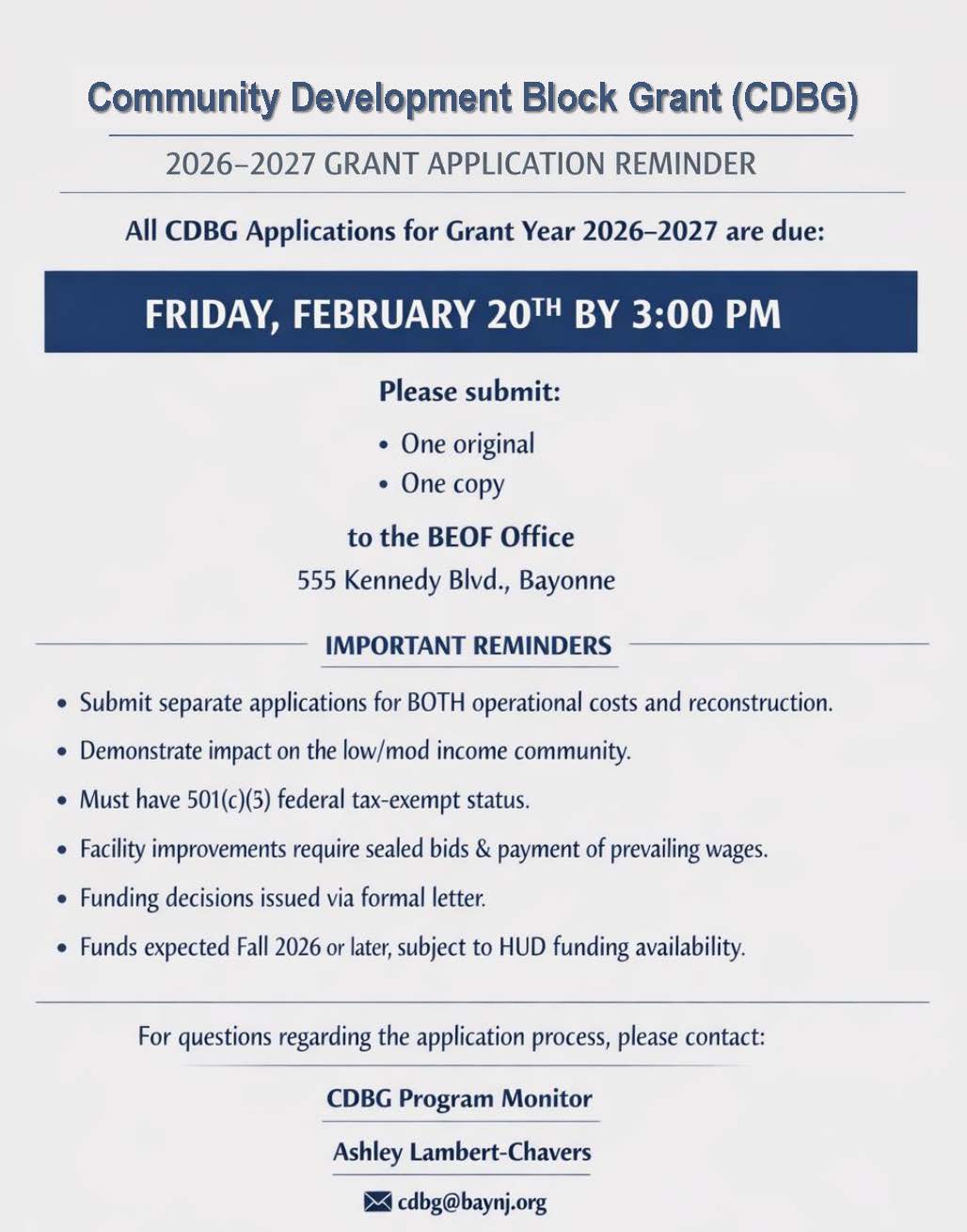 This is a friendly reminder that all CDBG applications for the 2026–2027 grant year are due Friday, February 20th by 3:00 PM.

---

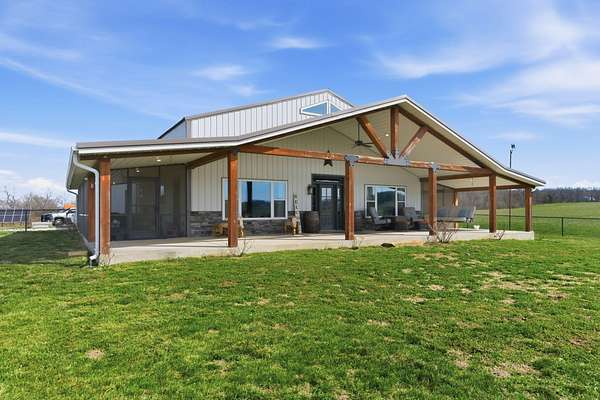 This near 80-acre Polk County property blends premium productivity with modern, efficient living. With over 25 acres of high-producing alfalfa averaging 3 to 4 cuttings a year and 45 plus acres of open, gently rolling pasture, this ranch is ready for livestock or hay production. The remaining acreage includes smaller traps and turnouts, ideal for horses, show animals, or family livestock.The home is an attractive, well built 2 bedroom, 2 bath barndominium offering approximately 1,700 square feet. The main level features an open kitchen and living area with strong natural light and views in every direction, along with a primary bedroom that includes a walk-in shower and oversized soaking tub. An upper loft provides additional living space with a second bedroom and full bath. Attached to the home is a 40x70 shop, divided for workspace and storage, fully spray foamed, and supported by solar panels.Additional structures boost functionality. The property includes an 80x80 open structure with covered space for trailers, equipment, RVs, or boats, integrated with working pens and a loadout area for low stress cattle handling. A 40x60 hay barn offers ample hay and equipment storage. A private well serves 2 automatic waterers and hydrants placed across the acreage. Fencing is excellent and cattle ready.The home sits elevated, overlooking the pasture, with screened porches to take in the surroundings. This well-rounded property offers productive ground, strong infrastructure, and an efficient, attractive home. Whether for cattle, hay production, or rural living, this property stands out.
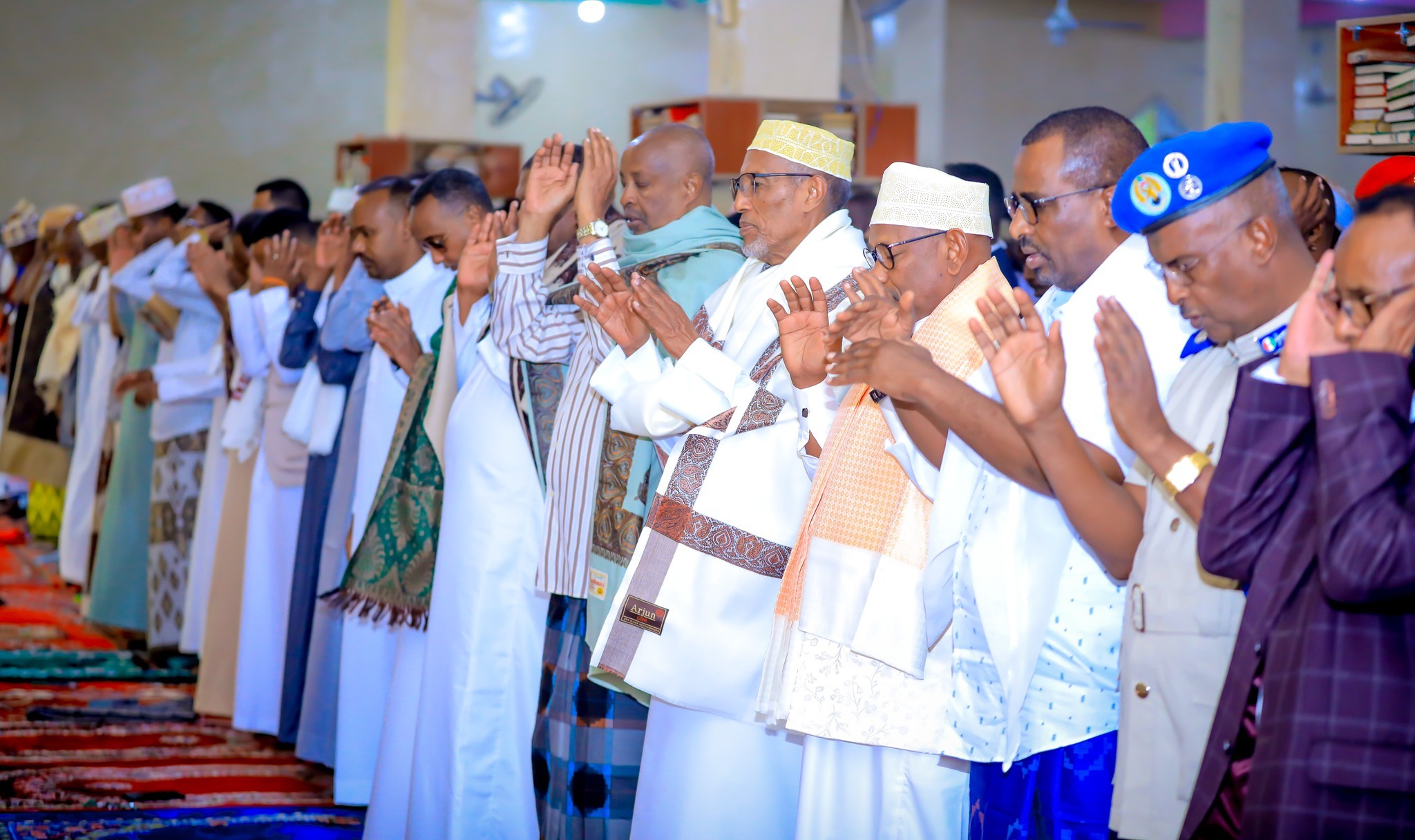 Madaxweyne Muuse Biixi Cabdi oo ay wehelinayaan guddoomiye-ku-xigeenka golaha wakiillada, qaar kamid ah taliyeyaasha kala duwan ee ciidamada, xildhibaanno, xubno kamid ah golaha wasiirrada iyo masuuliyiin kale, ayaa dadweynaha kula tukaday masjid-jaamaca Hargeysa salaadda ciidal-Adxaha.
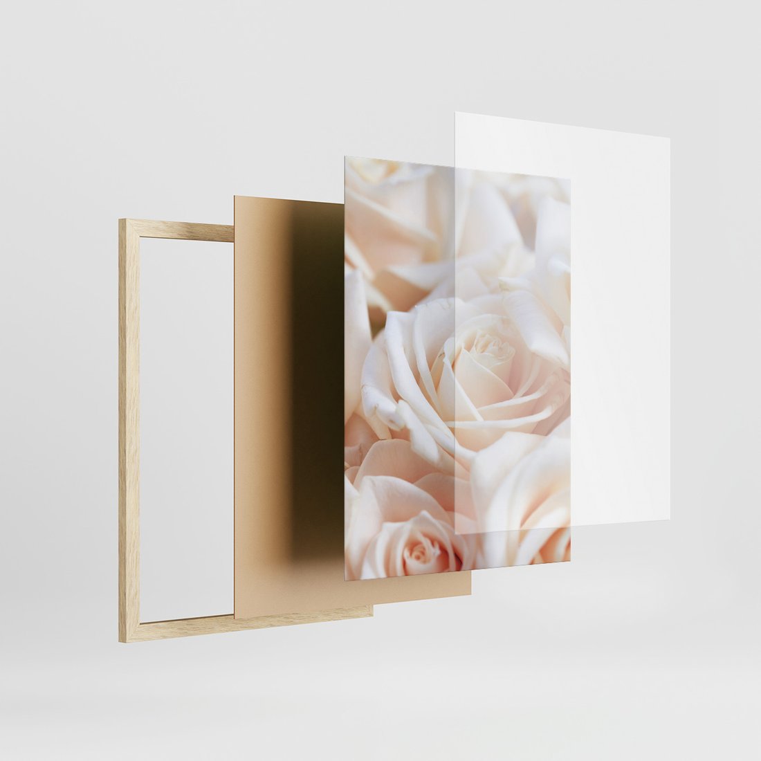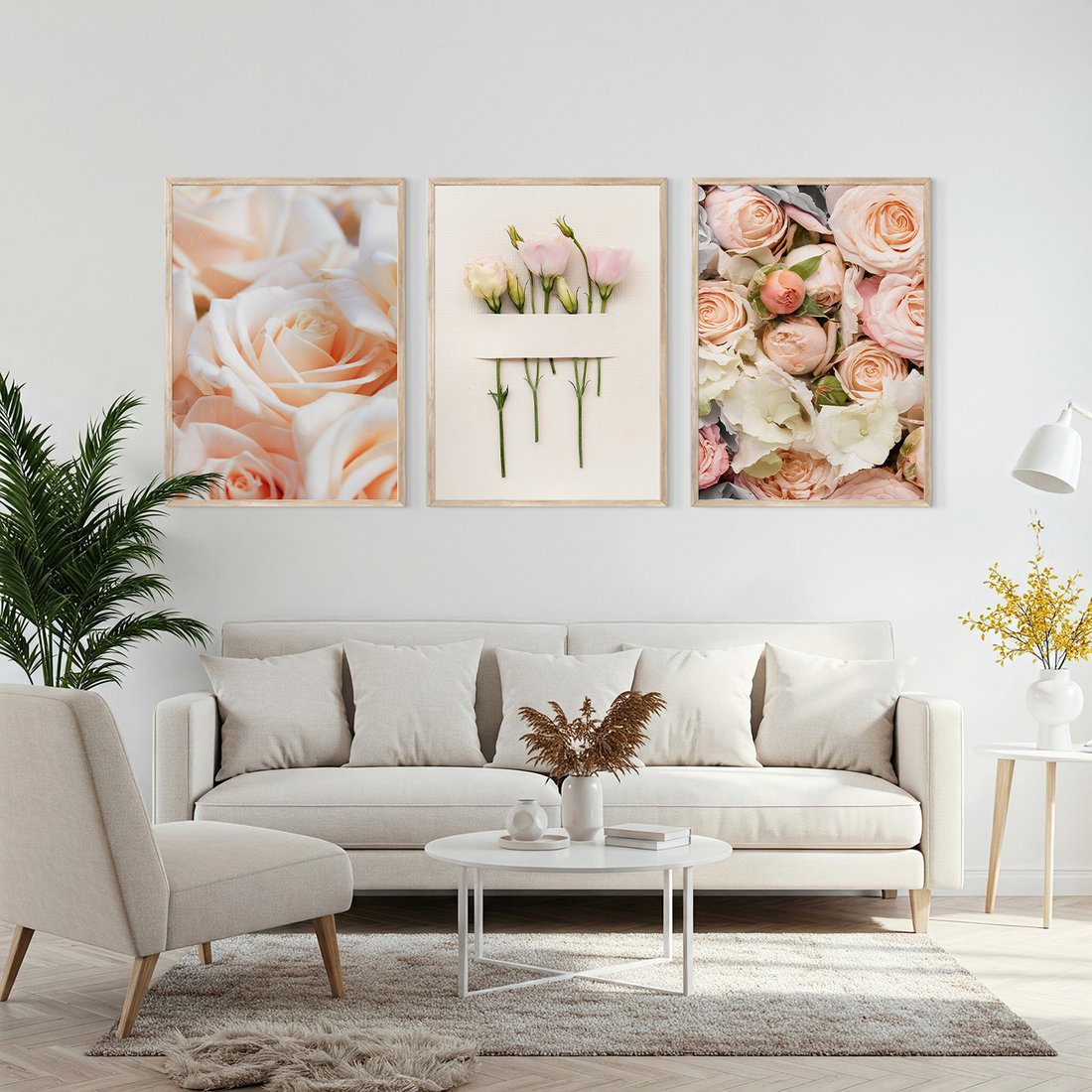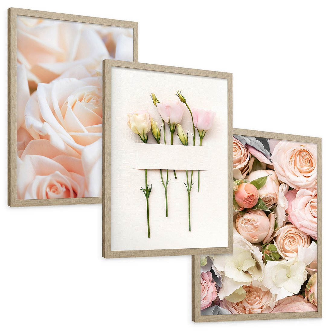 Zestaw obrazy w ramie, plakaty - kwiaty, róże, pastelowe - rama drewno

#### Your goal:
Above is the material; set down exactly its lines from the one containing "Madaxweyne Muuse Biixi" down to the one containing "Zestaw obrazy w", both included, leaving out any pictures.

#### Result below:
 Madaxweyne Muuse Biixi Cabdi oo ay wehelinayaan guddoomiye-ku-xigeenka golaha wakiillada, qaar kamid ah taliyeyaasha kala duwan ee ciidamada, xildhibaanno, xubno kamid ah golaha wasiirrada iyo masuuliyiin kale, ayaa dadweynaha kula tukaday masjid-jaamaca Hargeysa salaadda ciidal-Adxaha.
 Zestaw obrazy w ramie, plakaty - kwiaty, róże, pastelowe - rama drewno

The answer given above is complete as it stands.